What to work on:
Give the listing again exactly, skipping any pictures it holds.

Input data:
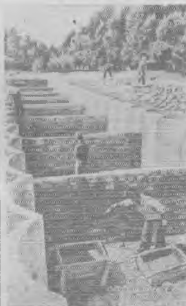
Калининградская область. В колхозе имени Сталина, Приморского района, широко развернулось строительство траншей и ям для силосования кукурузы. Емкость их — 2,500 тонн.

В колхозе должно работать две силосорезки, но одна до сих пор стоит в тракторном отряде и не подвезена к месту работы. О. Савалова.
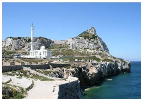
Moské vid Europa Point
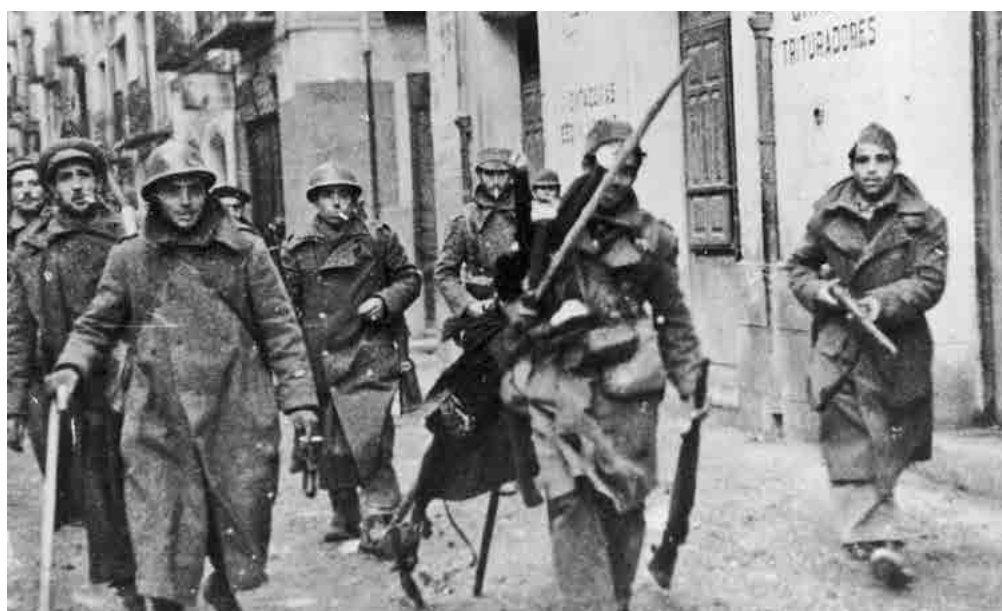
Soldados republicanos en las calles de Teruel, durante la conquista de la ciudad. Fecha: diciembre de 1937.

The completed task:
Калининградская область. В колхозе имени Сталина, Приморского района, широко развернулось строительство траншей и ям для силосования кукурузы. Емкость их — 2,500 тонн.

В колхозе должно работать две силосорезки, но одна до сих пор стоит в тракторном отряде и не подвезена к месту работы. О. Савалова.
Moské vid Europa Point
Soldados republicanos en las calles de Teruel, durante la conquista de la ciudad. Fecha: diciembre de 1937.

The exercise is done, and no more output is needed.